Розщепиха цепко ухватила подарок, покрутила, колупнула ноготком… в кои веки не нашла, к чему бы придраться.

— Не всякая за доброе наставление так-то отдарит, — особенно скрипуче выдавила она. — Ладно, пойду уже я, шабровки любимые… Рада бы за разговорами ещё посидеть, да некогда мне. Одолели заботушки…

Равдуша, блюдя вежество, побежала проводить. Корениха обратила внимание: там, где сидела Розщепиха, на полу, на чистой берёсте знать было следы. Вот так. Вроде и обмела поршеньки у порога, а след покинула всё равно. Бабушка нахмурилась. Эх ты, Носыня! Нету на тебя Жога, нету подросшего насмешника Сквары. А пока войдёт в лета Жогушка, начнёт ощеулить, — вконец состарится Розщепиха, уже её и не тронь…
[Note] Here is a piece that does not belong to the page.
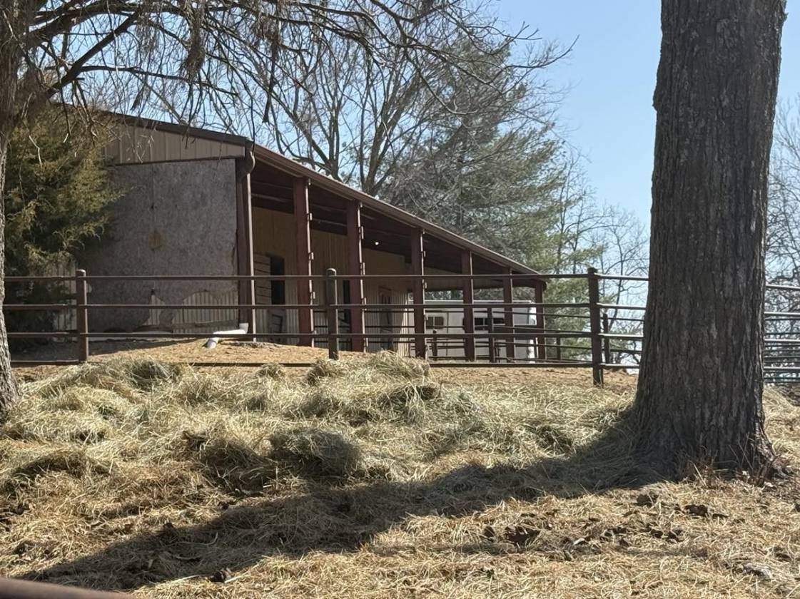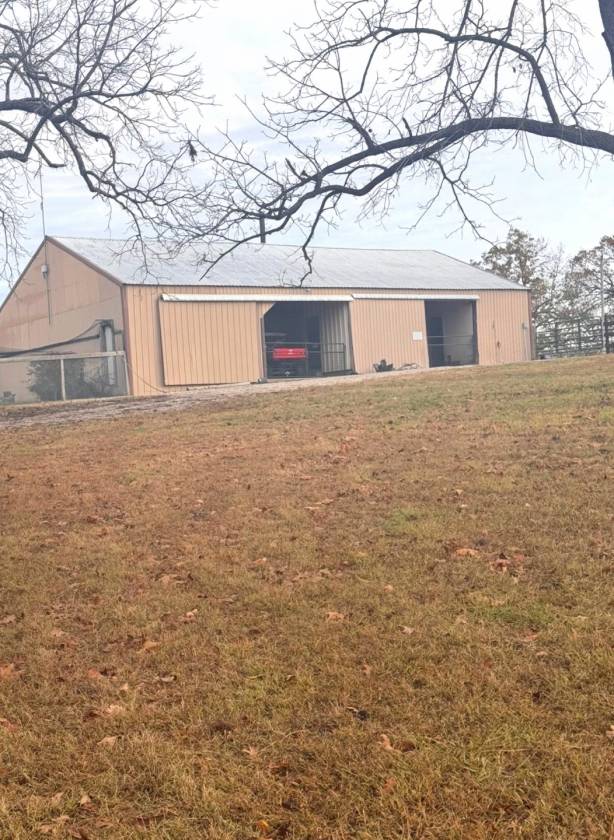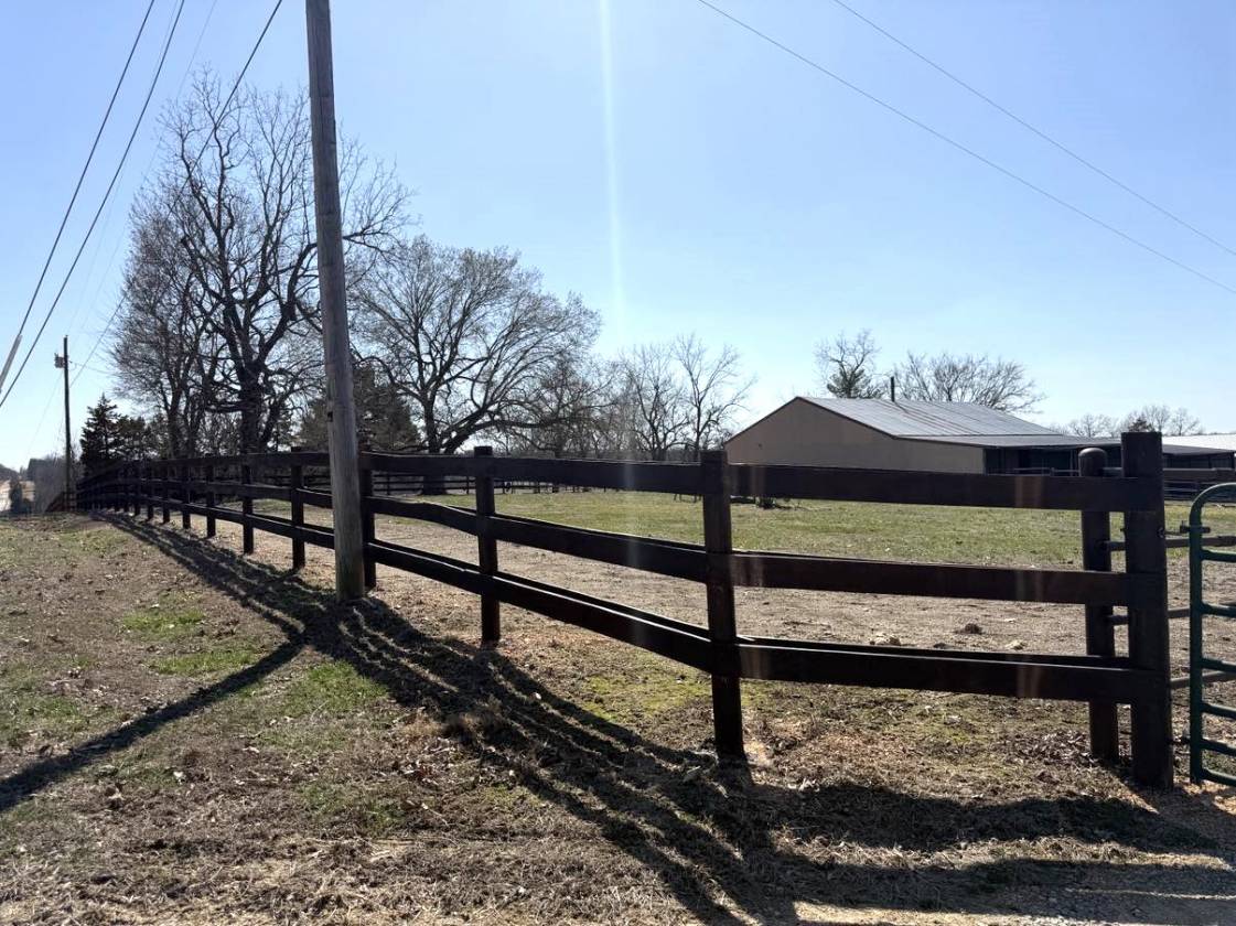 GREAT HORSE PROPERTY 54 acres more or less, located in the Missouri Ozarks - great mixture of woods and useable pasture land. All Land but a small section is fully fenced, with a creek with wet weather springs, and a pond. Perimeter fence is barbed wire with natural land barriers and horse fence is a mixture of metal pole fence, three board wood fence, and cable fence. The property if fully gated with two entrances available - one to the house, one to the barns.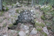 Nuraghe in Sardinia (Sardegna). Nuraghe Is Fanebas is located at the bottom of the beautiful valley of Riu Gutturu Mannu, in a forested area near the spring of Is Fanebas. The nuraghe is a small (circa 6m in diameter at its highest preserved part) single-towered structure with partly preserved tholos chamber.

Бабушка сняла с лавки пёстрый полавочник, свернула. После надо будет вынести за порог, а лучше на мороз, выколотить хорошенько. В каждой твёржинской избе бытовало по особому «Розщепихиному» полавочнику, который только ей и стелили. Корениха нагнулась к полу, содрала листы со следами. Бросила к печке. Придёт Светелко, перестелет.

Вернулась Равдуша. Пошла было к хлопоту… бросила, заметалась в избе, как пичуга в клетке. Прянула снова к двери, спохватилась. Принялась торопливо одеваться, как в лес: стёганка, кожух, меховые штаны. Видела бы те штаны Розщепиха! Впрочем, сама Носыня далеко из зеленца не ходила.

Корениха поняла намерение невестки едва не раньше её самой.

— А не благословлю? — ворчливо спросила она. — Сын во главе стола садится, а ты, дурёха, всё не веришь ему?

Равдуша заплакала. Сделала движение — в ноги упасть.

— Матушка свекровушка…

— Ай, ну тебя, — недовольно отмахнулась Корениха. — Беги уже.

Светелу будет обида, но он крепок, выстоит. Равдуша… Равдуша не такова. Её бы пожалеть, поберечь.

Одолень-мох

Леса Конового Вена безбрежны. На самой полночи якобы лежат места, где в земле нет пищи деревьям. Там простираются мёрзлые моховые поля, где в лучшие-то годы земля оттаивала всего на пядь. Но это — далеко и неправда. Никто из Пеньковых знакомцев не забирался в те близкие Исподнему миру места, даже самые отчаянные купцы. Никто своими глазами не видел берегов леса.

Восточнее Твёржи раскинулся бедовник, ставший оттепельной поляной. Там кормились зайцы и лоси и можно было накопать соснового корня. Короткая тропа, которой ходил туда Светел, поднималась на большой холм с лысой вершиной, увенчанной всего одним деревом. Родительский Дуб был самым старшим в лесу. Ему не обломала сучьев даже Беда. Он, должно быть, приходился Древу Миров не внуком, не правнуком — родным сыном. Кору опалило огнём, в древесной груди торчал каменный отломок, брошенный чудовищным вихрем, но Дуб стоял. И с ним стояла надежда на возвращение солнца, на пробуждение почек, на новую жизнь. Холм тоже держался. Не оплыл, не сполз, как иные. Дивно крепкими оказались в нём первородные кости земли. А может, самоё землю зиждили могучие корни, пронизавшие шеломя до глубинного сердца. В вёдрые дни, когда тучи немного приподнимались, с холма виден был твёржинский зеленец. Сам изведавший раны, Дуб продолжал приглядывать за детьми. Простирал корявые, но по-прежнему сильные ветви. Благословлял, ограждал…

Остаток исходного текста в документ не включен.